The English names "Manila tamarind" and "Madras thorn" are both misleading since it is neither related to the tamarind nor native to Manila (though it was introduced early to the Philippines) or Madras. Other English names include blackbead, sweet Inga, and monkeypod.

Depending on the region of its occurrence, Pithecellobium dulce is known by different names. In its native Mexico, the tree is known as huamuche, guamuche, huamúchil, guamúchil, or cuamúchil, deriving from its Nahuatl name cuauhmochitl. The Nahuatl derivations are also preserved in its names in the Philippines, where it was first introduced into Asia via the Manila galleons. It is known as kamachile in Tagalog (from where the English name "camachile" is derived), kamunsil in Hiligaynon, and damortis or kamantiris in Ilokano.

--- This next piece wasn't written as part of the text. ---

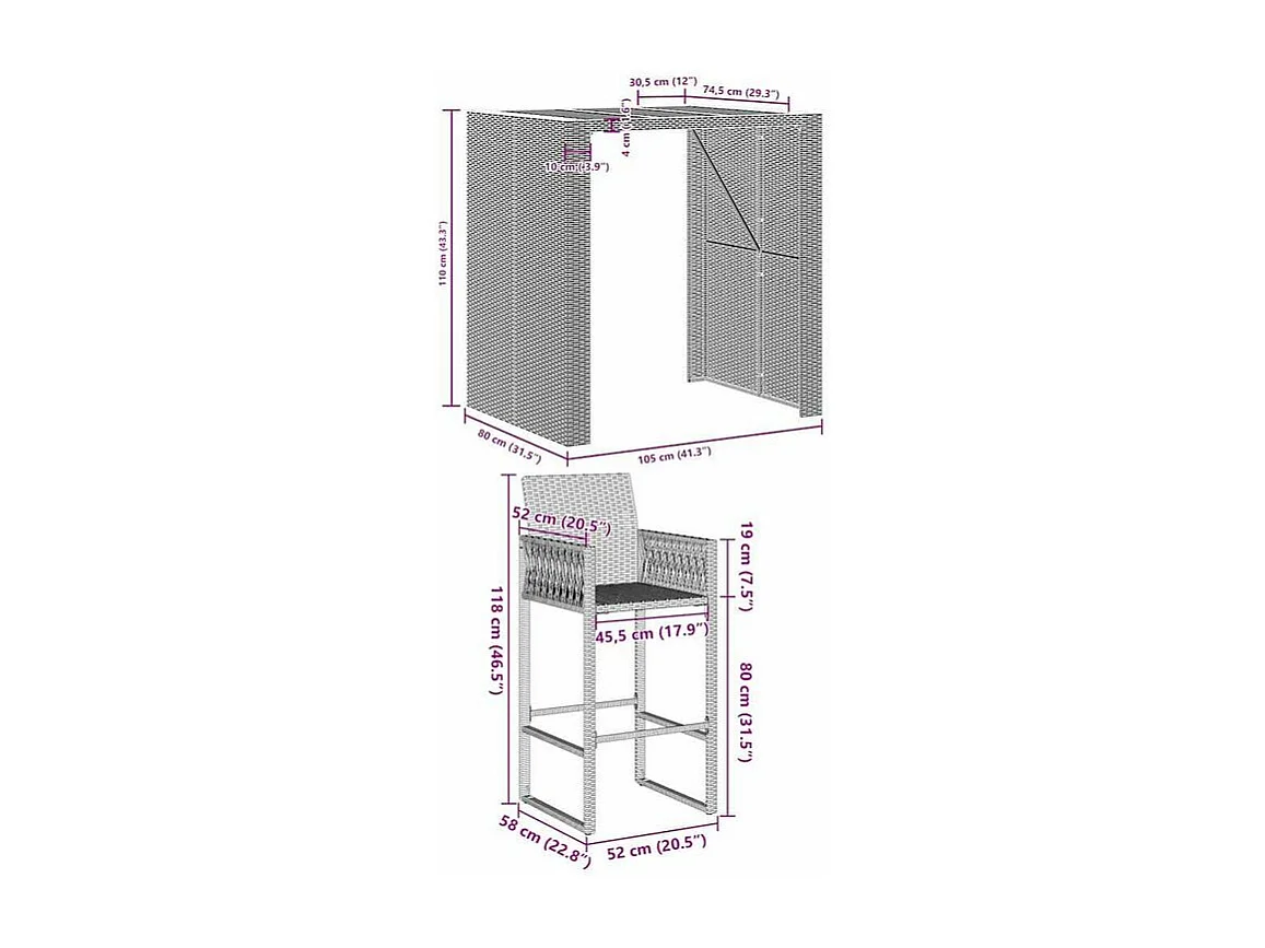 Ensemble de bar de jardin 5 pcs sans coussins gris poly rotin

In the wider region of Latin America, it is also called pinzán, or guamá americano (Puerto Rico). In Colombia it is known as chiminango and payandé. It is also known as ʻopiuma in (Hawaiian).

In South Asia and the rest of Southeast Asia, it is known by many names, most of which literally translate to "foreign tamarind". These include: makham thet in Thai; plaeh umpel tek in Khmer; kona puliyangai in the Kongu region and kodukkappuli in other regions of Tamil Nadu; ISO or ISO in Telugu; dora hunase or sīme hunase in Kannada; bakhai ambli or goras amali ,katra in Gujarati; vilayati cinc or cinc bilai or cheese bilai in Marathi; jungle jalebi in Hindi; sīma kaiyan in Odia; achi gidamiri in Sindhi; and jilapi or khoiya babla in Bengali. In Pakistan, it is also known as "jungle jalebi", after the resemblance of its fruits to the jalebi.

== Uses ==

=== As food ===
The seed pods contain a sweet and sour pulp which is eaten raw in Mexico, the Philippines, Pakistan, Qatar and India as an accompaniment to various meat dishes and used as a base for drinks with sugar and water ('agua de guamúchil').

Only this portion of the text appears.